Некоторое время мы поспрашивали друг друга, где кто – между прочим, почти весь их призыв разъехался, кто в Штаты, кто в Европу, а один даже в Китай, – но эта тема меня, в общем, интересовала мало. Я все пытался понять, на каком я свете. Дурачит меня? Но зачем, в чем его корысть? Брат-близнец? Но близнецы служат вместе, и не было у него никакого брата. И даже если это все-таки был он тогда, в магазине, – за три года нельзя было так растолстеть, так облысеть и обрасти такой аурой прочного благополучия. Действительно девелопер. Дочери восемнадцать лет. Живет тут с девяностого. Каббалой если и увлекается, то в рамках каких-нибудь кружков по интересам, в Штатах у каждого есть такое хобби.
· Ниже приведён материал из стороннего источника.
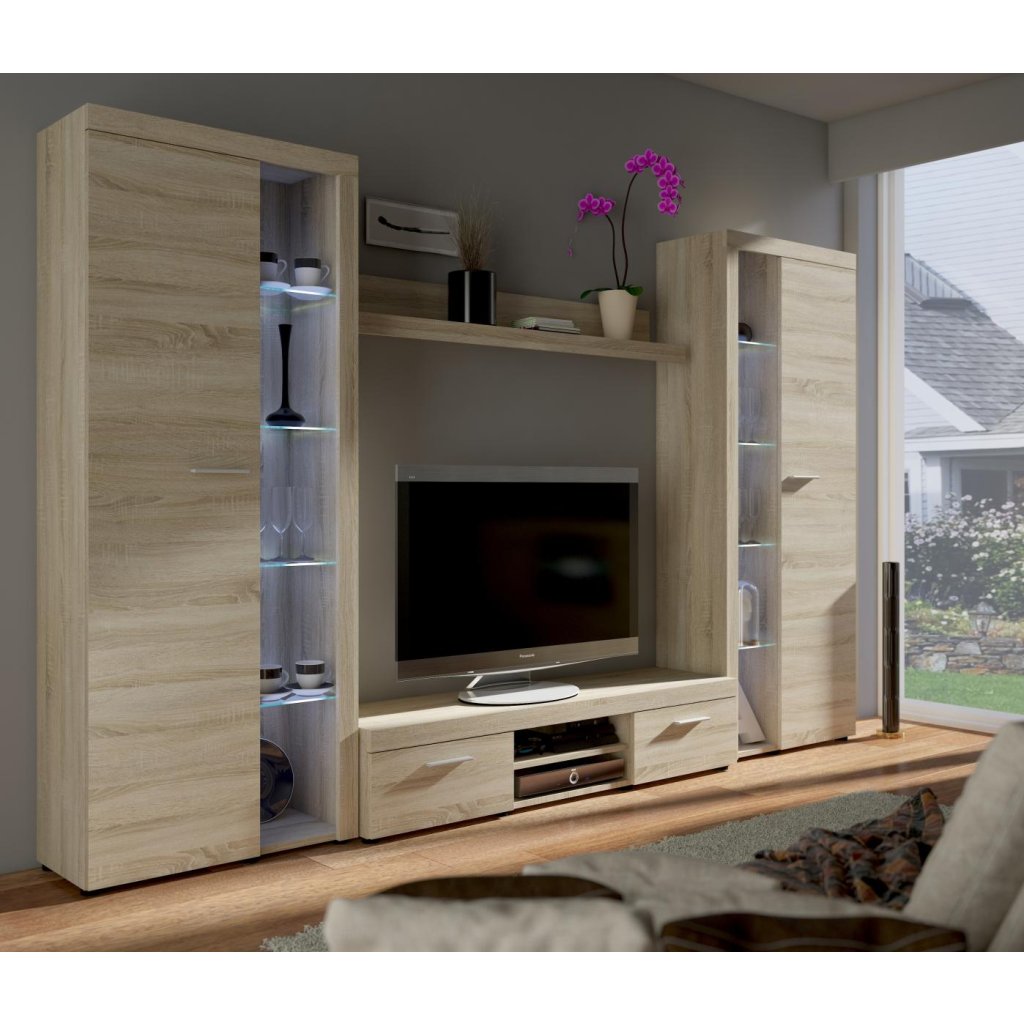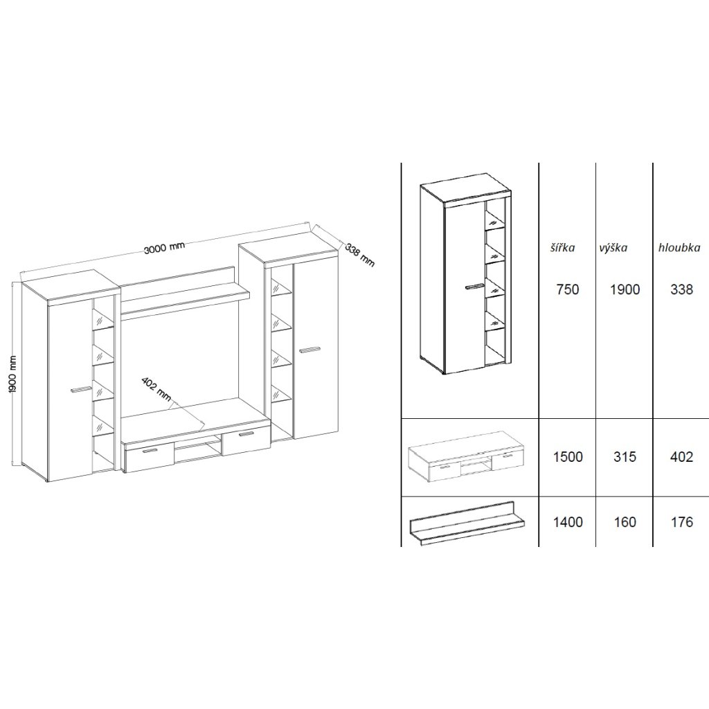 Obývací stěna Rizo patří mezi oblíbené modely moderního nábytku. Nabízí dostatek úložného prostoru a je vhodná i do menších pokojů. Stěna je vyrobena z lamina, které je odolné a snadné na údržbu. Ke stěně nabízíme i několik typů komod ve stejném provedení. Všechny prvky této sestavy jsou dodávány v demontu. Součástí je montážní plánek včetně všech potřebných spojovacích materiálů. Cena je uvedena za bytovou stěnu vyobrazenou na úvodní fotografii, bez komod, doplňků a dekorací. LED osvětlení není v ceně sestavy. Vlivem nastavení monitorů, nebo displejů telefonů, se zobrazení barev na fotografii může od skutečnosti lišit.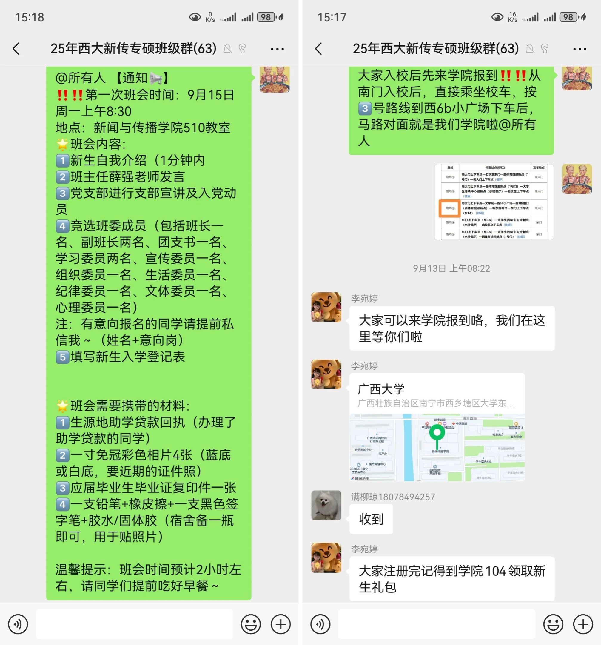新生入学前,研究生志愿者便与新生建立密切联系,通过班级群聊、私聊等方式开展入学服务。一方面,细致讲解报到全流程,逐条梳理入学材料清单,确保新生提前做好准备;另一方面,聚焦校内外防诈宣传,结合常见风险场景提醒新生 ,报到期间切勿在未知情况下外借身份证,警惕陌生电话卡办理、虚假缴费等诈骗行为,为新生筑牢入学安全屏障。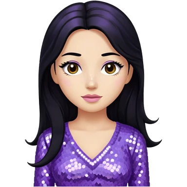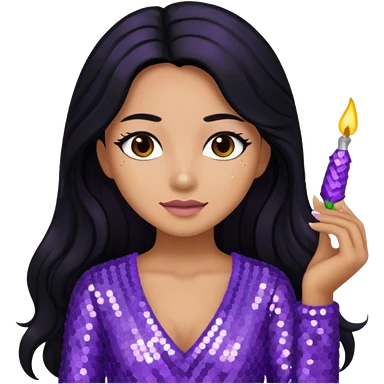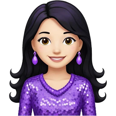 Esther from The Bible with long black hair, lavender sequin outfit emoji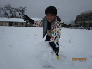 友達と雪合戦を思いっきり楽しむ子,「大きな雪だるまを作る!」といって雪を転がしている子,真っ白な雪に倒れてダイブしている子,思い思いに雪遊びを楽しみました。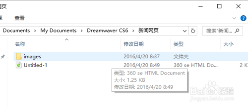 在第二行插入图片。完成页面制作。保存HTML文件。然后在站点“新闻网页”可以看到保存的HTML文件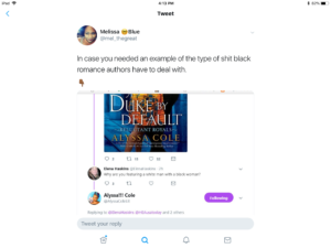 In a lot of ways, this book was a love letter to female friendships and to Romancelandia. If you want to see that women supporting women in romance land in action, go look for #MindYourBusinessElena. Open white supremacist Elena Haskins freaked out over the cover because a white man is with a black woman.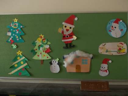 1年生の靴箱の上の掲示板です。みんなは、どんなものをサンタさんにお願いしてるのかな。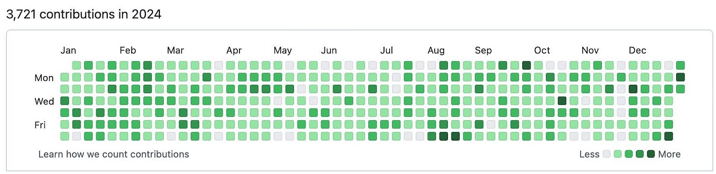 As 2024 drew to a close, I reflected on my coding journey. Leading PolicyEngine meant less time programming, but I still maintained 3,721 GitHub contributions last year (down from ~4,500 in prior years), spanning collaborations, third-party contributions, and personal projects.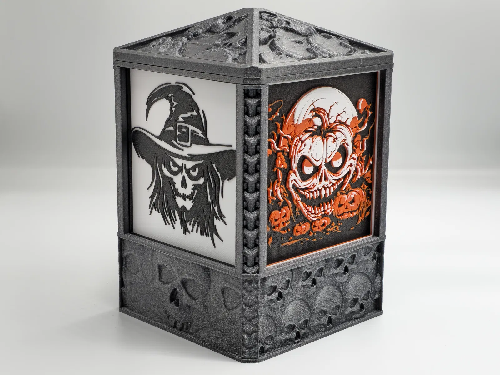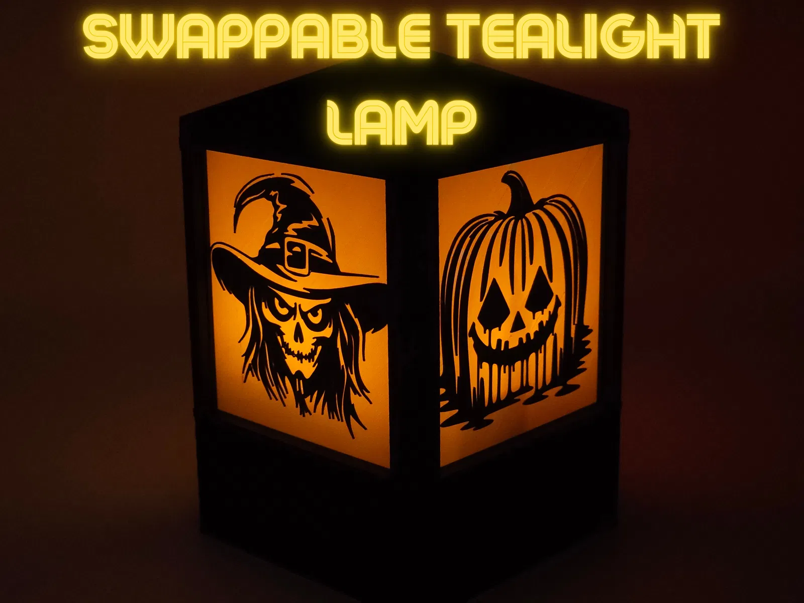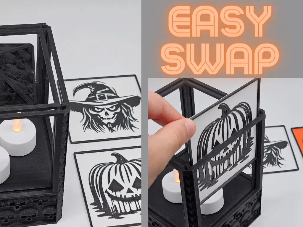Chiếc đèn Tealight Halloween tùy chỉnh này mang đến không khí ma quái với các mặt bảng có thể hoán đổi: cơ bản, vẽ sợi và lithophane. Bao gồm hướng dẫn in chi tiết và liên kết đến tệp STEP. Hoàn hảo để trang trí Halloween hoặc làm quà tặng độc đáo.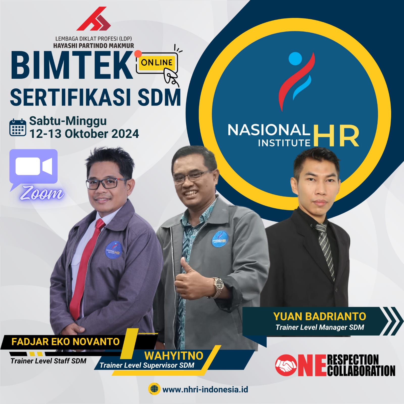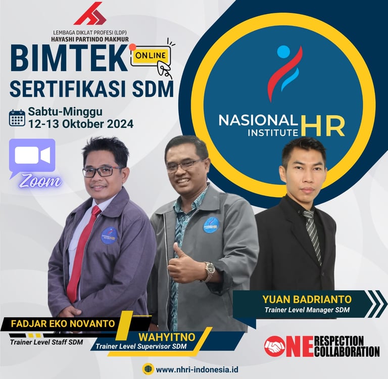 Dalam rangka memperingati HUT Kemerdekaan Republik Indonesia yang ke-79, NHRI dengan bangga berkolaborasi bersama LSP MSDKI dan LPK Hayashi Pratindo Makmur untuk menyelenggarakan program Sertifikasi Profesi HR yang diakui oleh BNSP. Program ini bertujuan untuk meningkatkan kompetensi sumber daya manusia di Indonesia melalui bimbingan teknis (bimtek) sertifikasi SDM yang berkualitas.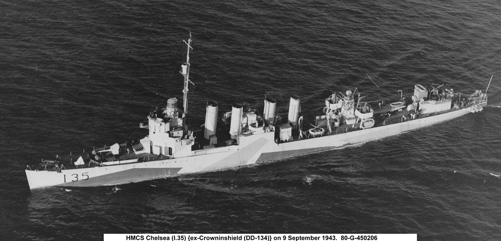 HMCS Chelsea (I35). Ex USS Crowninshield (Type B – Caldwell-Class) built by Bath Iron Works. The ship was laid down on 5th November 1918 and launched on 24th July 1919. Commissioned on 6th August 1919 for US naval service she was held in Reserve in 1939- The ship transferred to the RN under the UK/US Lend Lease Agreement on 9th September 1940 and commissioned as HMS CHELSEA on that date at Halifax in Canada. This name was common to a London Borough and a town in Vermont, USA. This name had not previously been used for an RN ship. After a successful WARSHIP WEEK National Savings campaign in March 1942 she was adopted by the civil community of Devizes, Wiltshire.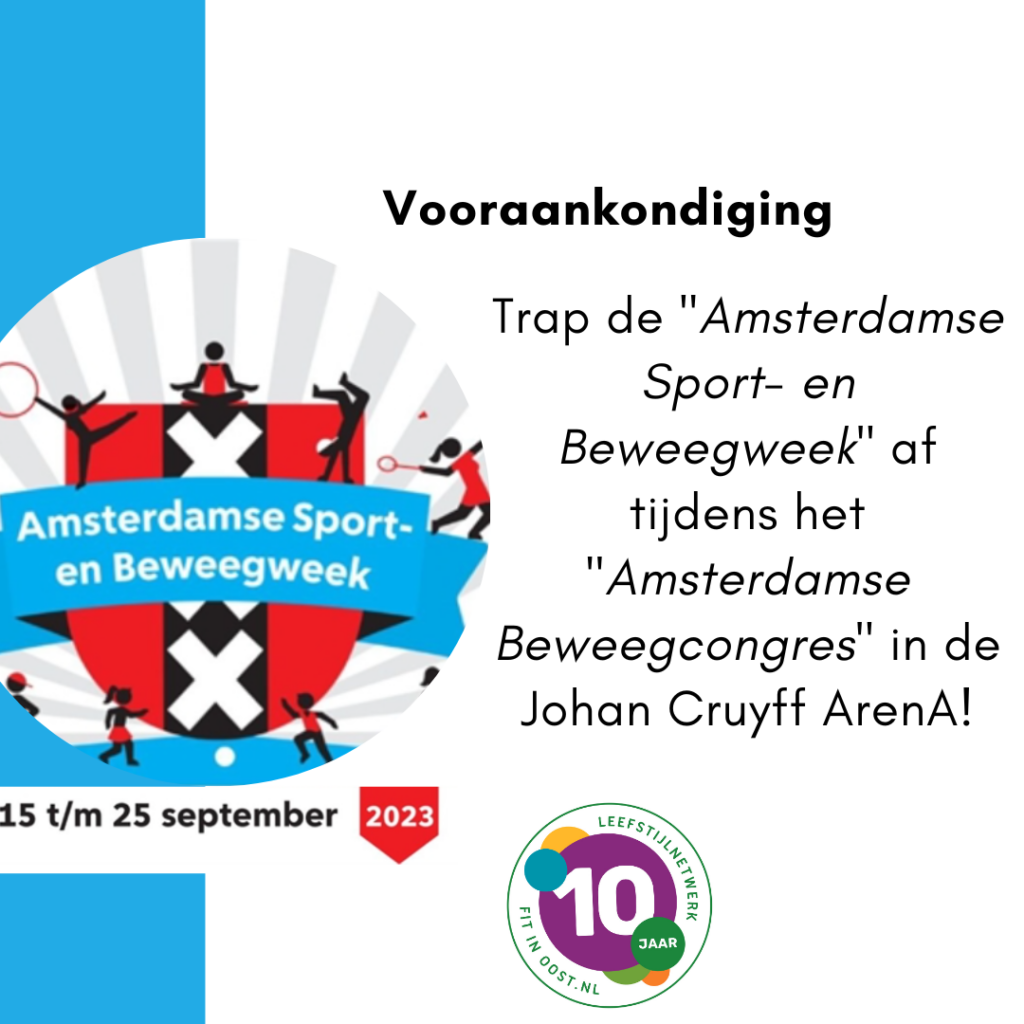 Hoewel er nog een heleboel weken vol aan zomer beweegaanbod voor ons liggen, kan het geen kwaad om alvast een vooraankondiging te doen voor september. Van 15 t/m 25 september 2023 vindt namelijk de “Amsterdamse Sport- en Beweegweek” plaats en jij kan er als sport- en beweegaanbieder bij zijn!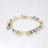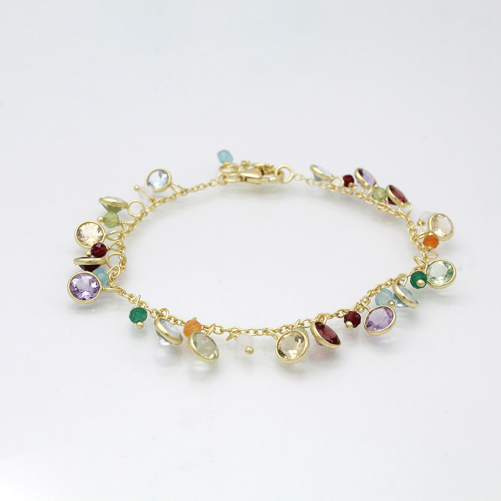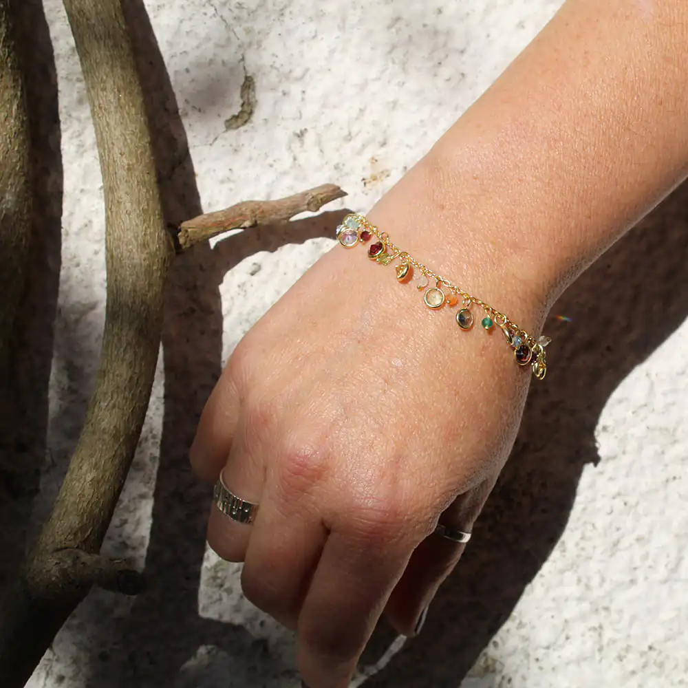 A beautifully delicate bracelet hanging with multi coloured gemstones encased in gold plate. Catching the light as you move your hand it will cause many an admiring glance. The perfect piece to adorn your wrist for a night out or keep it causal with a plain outfit during the day.

За российской ситуацией следит вполглаза, меня изредка почитывает, но всерьез не принимает.
– Ты чего вообще там сидишь? – спросил он. – Из-за языка, что ли?
– Да знаю я язык, – обиделся я. – Преподаю-то я здесь по-английски.
– Но ты же писатель. Там же читатель.
– Читатель весь теперь здесь, – сказал я честно, потому что моя нынешняя российская аудитория действительно иногда не понимает, в каких местах смеяться, зато в Филадельфии все в порядке. Да и перестал я уже шутить с прежним азартом, потому что страх и оглядчивость вползают в тебя незаметно, и постепенно ты теряешь все больше умений, ограничиваешь себя на каждом шагу и сам уже не сознаешь, насколько ужался.
– Так переезжай.
– Поздно. И потом, я думаю, там скоро опять будет интересно.
– Там уже никогда ничего не будет, – спокойно сказал Куник, словно речь шла о деле давно решенном и вдобавок второстепенном. – Там – все.
– И когда ты это понял?
– А вот как понял, так и уехал. Хотя, если хочешь знать, там уже в семнадцатом году было все.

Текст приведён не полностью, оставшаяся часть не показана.